Всегда неутомимые пальцы дрожали; на губах не было обычной улыбки. Он прислушался, открыл ящик в кипарисовом поставце, вынул острое шило для переплетных работ, перекрестился и, заслоняя рукою пламя лампады, тихонько вышел из кельи.
В проходе было тихо и душно; слышалось жужжание мухи, попавшей в паутину.
Парфений спустился в церковь. Единственная лампада мерцала, перед старинным двустворчатым образом из слоновой кости. Два крупных продолговатых сапфира в ореоле младенца Иисуса на руках Божьей Матери вынуты были язычниками и возвращены на прежнее место в храм Диониса.
Черные безобразные впадины в слоновой кости, которая от древности слегка тронута была желтизной, казались Парфению язвами в живом теле, и эти кощунственные язвы возмущали сердце художника. "Господи, помоги!" - прошептал он, касаясь руки младенца Иисуса.
В углу церкви отыскал веревочную лестницу: иноки употребляли ее для зажигания лампад в куполе храма. Он взял эту лестницу и направился в узкий темный проход, кончавшийся наружной дверью. На соломе храпел краснощекий толстый брат-келарь, Хориций. - Парфений проскользнул мимо него, как тень. Замок на двери отомкнулся с певучим звоном. Хориций приподнялся, захлопал глазами и опять повалился на солому.
Парфений перелез через невысокую ограду. Улица глухого предместья была пустынной. На небе сиял полный месяц. Море шумело.
Он подошел к той стороне храма Диониса, где была тень, и закинул вверх веревочную лестницу так, чтобы один конец зацепился за медную акротеру на углу храма. Лестница повисла на поднятой когтистой лапе сфинкса. Монах взлез на крышу.
Где-то очень далеко запели ранние петухи, залаяла собака. Потом опять настала тишина; только море шумело. Он перекинул лестницу и спустился во внутренность храма.
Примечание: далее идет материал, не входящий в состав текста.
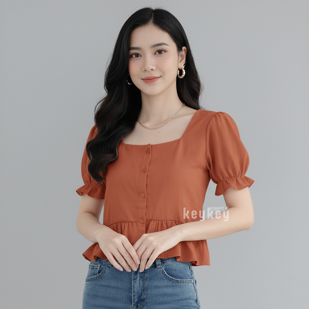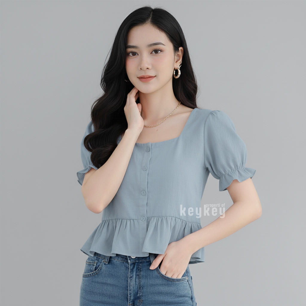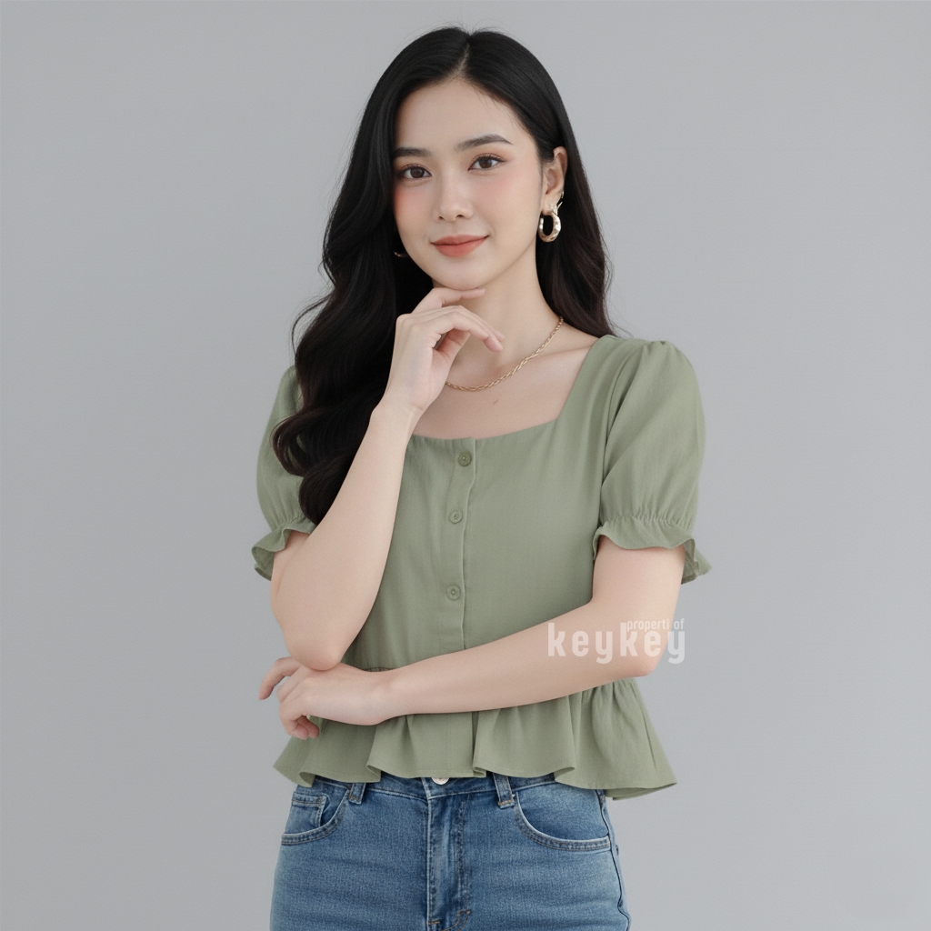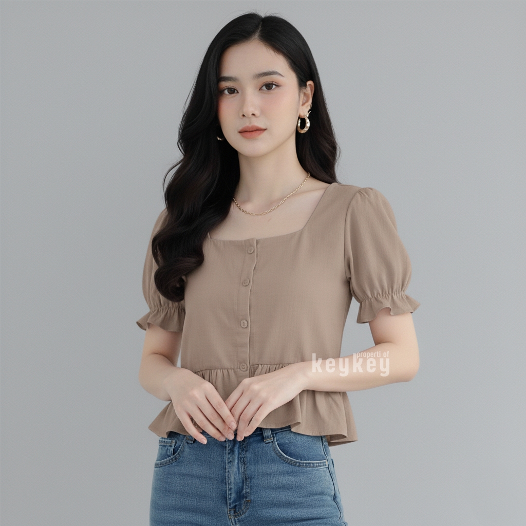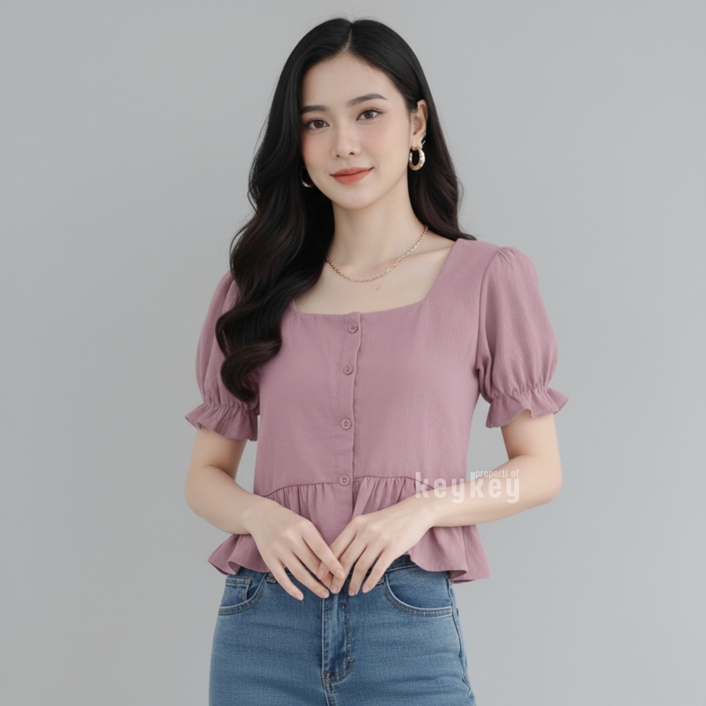 Blouse Candy Black dengan bahan wolfis premium, square neckline elegan, peplum ruffle manis & lengan puff cantik. Nyaman dipakai sehari-hari hanya Rp 36.900,-

Здесь царствовало безмолвие. Зрачки бога, два прозрачно голубых продолговатых сапфира, сияли страшною жизнью при месячном блеске, прямо устремленные на монаха.
Парфений вздрогнул и перекрестился.
Он взлез на жертвенник. Недавно верховный жрец, Юлиан, раздувал на нем огонь. Ступни Парфения почувствовали теплоту непростывшего пепла. Он вынул из-за пазухи шило. Очи бога сверкали близко, у самого лица его. Художник увидел беспечную улыбку Диониса, все его мраморное тело, облитое лунным сиянием, и залюбовался на древнего бога.
Потом начал работу, стараясь острием шила вынуть сапфиры. Часто рука его, против воли, щадила нежный мрамор.
Наконец, работа была кончена. Ослепленный Дионис грозно и жалобно взглянул на него черными впадинами глаз. Ужас охватил Парфения: ему показалось, что кто-то подсматривает. Он соскочил с жертвенника, подбежал к веревочной лестнице, вскарабкался, свесил ее на другую сторону, даже не закрепив, как следует, так что, слезая с нижних ступенек, сорвался и упал. Бледный, растрепанный, в запачканной одежде, но все-таки крепко сжимая сапфиры в руке, бросился он, как вор, через улицу к монастырю.
Привратник не просыпался. Парфений, приотворив дверь, проскользнул и вошел в церковь. Взглянув на образ, он успокоился. Попробовал вложить сапфировые очи Диониса в темные впадины: они пришлись как нельзя лучше на старое место и опять затеплились кротко в сиянии младенца Иисуса.
Парфений вернулся в келью, потушил огонь и лег в постель. Вдруг, в темноте, весь съежившись и закрывая лицо руками, засмеялся беззвучным смехом, как нашалившие дети, которые и радуются шалости, и боятся, чтобы старшие не узнали. Он заснул с этим смехом в душе.
Утренние волны Пропонтиды сверкали сквозь решетки маленького окна, когда Парфений проснулся. Голуби на подоконнике, воркуя, хлопали сизыми крыльями. Смех еще оставался в душе его.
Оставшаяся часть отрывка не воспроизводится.